Today, my husband kicked down the banister to the stairway, kicked the dog, threw a chair, called me a cunt, and told me that he's going to fuck another woman tonight in order to make sure that he never comes back to me again. He also threatened to kick in the door if I don't let him in when he comes back to get the rest of his things. It was very dramatic.
I took him to his parents' house, and that's that. I hope he stays.
He got himself very worked up because I wouldn't let him use my credit card to get car insurance. He had the money to give to me, and I still wouldn't let him use it. I'm afraid that next month, he won't have the money, and I'll get stuck with the bill (like always). He's also very hurt that I won't drive him to the methadone clinic in the mornings at the time he would like to go, and it's not good enough that I'm perfectly willing to drive him later. He's also very upset with the idea that I'm not willing to put his needs before mine anymore. He finds the idea abhorrent.
There is a part of me that is relieved that he's gone, and I'm hoping that his anger will fester long enough to keep him away. There is another part of me that is really deeply hurt. I never wanted our relationship to end. It saddens me that the tools I need to be able to live with him in his disease make him unable to stand living with me. Right now, he refuses to take responsibility for his own life. He refuses to live with me if I won't enable him, and it's really sad that he's that deep into his sickness.
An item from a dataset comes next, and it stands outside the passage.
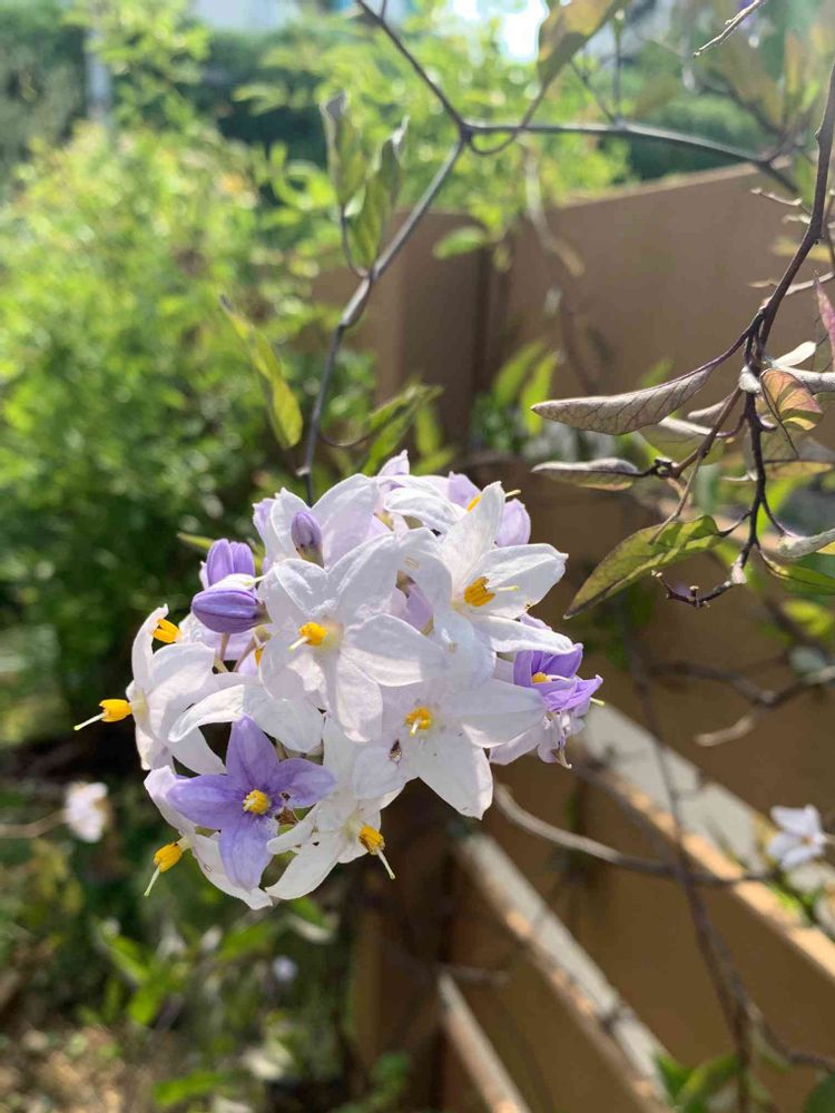 何だか、フェンスに絡まってとってもオシャレです( *ˊᵕˋ* )💗ナスのお花に似てますね(❁*ᵕᴗᵕ )ウンウン

It's sad that he can't see how messed up he is, too. I understand that he's struggling. He's trying to get a car, which seems like a real ticket out of a lot of the troubles he's gotten himself into; he's realizing he's not likely to be able to get this car with his arrest warrant and shoddy credit history. He's desperate for a loophole that will keep him from having to clean up the messes he's made, and he wants it to be someone else's fault. I hate to see him hurting so much, and I'm mad at his disease for taking away my sweet, sweet man. I want that man desperately.
I realized something today. While I was driving him to his mother's house, he was cursing me and saying all kinds of awful things, and it was hurting so, so badly. In the end, though, as much as it's hurt to have to pass through this awful time with him, I wouldn't trade a second of it. I love him, and I would take every bit of pain I've experienced as his wife to have had the opportunity to experience the other side of him. I risked a lot to be able to be with him, and it was worth it. I've known true love, real love, and I'm glad we had our time together. It was worth it.
It was worth it.
I still harbor hopes that we will be able to be together one day, that he will find maturity, responsibility, and real recovery. I don't know if it will happen, but I hope it will.